1876 yılında, kuzeyde Karadeniz, güneyde Marmara Denizi, batıda Edirne vilayeti ve doğuda İstanbul olmak üzere Çatalca merkez, Silivri ve Büyük çekmece ilçeleri ve merkeze bağlı Terkos bucağı ve 82 köyü içine alan bir sancak haline getirilmiştir. Sancağın, mali ve mülki yönetimi, İzmit ve Biga sancaklarıyla birlikte İstanbul Şehremaneti’ne verilmiştir. Bu yönetim bir yıl sonra değiştirilerek Çatalca, bağımsız bir sancak haline getirilmiştir. (1877).

1898 yılında Çatalca Sancağı dahilinde hayvan hastalığı ortaya çıktığından Nezaretçe ve Meclis-i Hassa-i Vukelâ’dan kaleme alınan mazbatanın sonucu olarak konuyla ilgili bir irade-i seniyye çıkarılmıştır.Balkan Savaşı sırasında Bulgarların eline geçen Çatalca kazasının bütün köy ve mahalleleri de hemen hemen terk edildi. Trakya’nın alınmasından sonra, Bulgarlar tekrar kendi evlerine dönmek istedilerse de, bu hak onlara tanınmadı. Eylül 1913 tarihinde, Türkiye ile Bulgaristan arasında imzalanan anlaşma gereği, Bulgaristan’a göç ettiler.Orman ve Maadin ve Ziraat Vekâleti’nin 1910 yılında yayınlanan ve Avrupa’daki Türk topraklarını kapsayan ayrıntılı istatistiğine göre, Çatalca’nın toplam nüfusu 93 bin 369 kişiydi.

1. Dünya Savaşı‘ndan önce, Çatalca’da, ulaşım dar yollardan sağlanırdı. Kullanılabilen tek ulaşım aracı iki öküzlü kağnı arabalarıydı. Bu sebeple uzun kış aylarında, köy ve kasabalar ekmek, kömür ve odun sıkıntısı çekerlerdi. İlk yol yapma girişimi 1880 yılında başlatıldı. Çatalca’yı, Büyükçekmece, Silivri ve Karaca’ya bağlamak amacıyla başlatılan yolda 18-60 yaş arasında bulunan yetişkinlerin tümü çalışmak zorundaydı. Silivri’den Çatalca’ya, Çatalca’dan Karaca’ya ve Büyük çekmece Köprüsü’ne doğru, batı ucundaki Mimar Sinan‘a kadar üç ayrı yol tespit edildi. Yeni köy’den sonraki yol, iyi durumdaydı ve Kovukdere uçurumundan geçmekteydi. 1911 yılında, ittihad ve Terakki hükümeti tarafından Çatalca’dan Küçük çekmece’ye uzanan yol onartıldı. Birinci Dünya Savaşı’na girildiği yıllarda (1914), Trakya İstanbul Edime arasındaki hükümet tarafından yeni bir yol inşa edildi.
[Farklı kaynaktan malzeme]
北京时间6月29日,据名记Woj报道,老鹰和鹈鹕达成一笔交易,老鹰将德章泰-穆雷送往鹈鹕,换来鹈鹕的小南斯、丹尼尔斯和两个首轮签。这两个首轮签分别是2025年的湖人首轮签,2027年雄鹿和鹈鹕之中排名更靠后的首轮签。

Sancak dahilindeki araba yollarının çoğu antik çağdan kalmaydı. XIX. yüzyıl sonunda, ana yol olarak Küçük çekmece ve Büyük çekmece üzerinden Silivri ve Çorlu’ya giden yollar kullanılmaktaydı, İstanbul’u Avrupa’ya bağlayan demir yolunun yapımından sonra, Silivri üzerinden Trakya’ya giden yol terk edildi. (1873)
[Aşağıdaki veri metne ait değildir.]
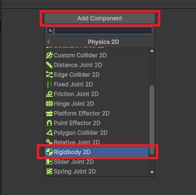 オブジェクトを選択した状態で、インスペクターウィンドウのAddComponentから「Rigidbody 2D」を選択します。

1878 yılına kadar, Çatalca Sancağı’nda önemli bir öğretim kurumu yoktu. Çatalca, Silivri ve Büyük çekmece’de öğretim, camilerin yanında bulunan küçük odalarda sürdürülmekteydi. II. Abdülhamid devrinde öğretim faaliyetleri hız kazandı. 1900 yılında, Çatalca’da bir mekteb-i iptidâi ile rüşdiyeden başka iki de idadî sınıfı açıldı. Aynı devirde Silivri ve Çekmece’de de iptidaî ve rüşdiye mektepleri vardı. 1912 yılına kadar, her köyde bir sıbyan mektebi vardı. XIX. yüzyılın ikinci yarısında Çatalca’da bir Rum mektebi ile bir kız okulu açıldı. 1907 yılında bir Rum okulunun binası tamamlandı. Balkan Savaşı sırasında Bulgar bombardımanlarında hasar gören okul, daha sonra Vali Konağı haline getirildi.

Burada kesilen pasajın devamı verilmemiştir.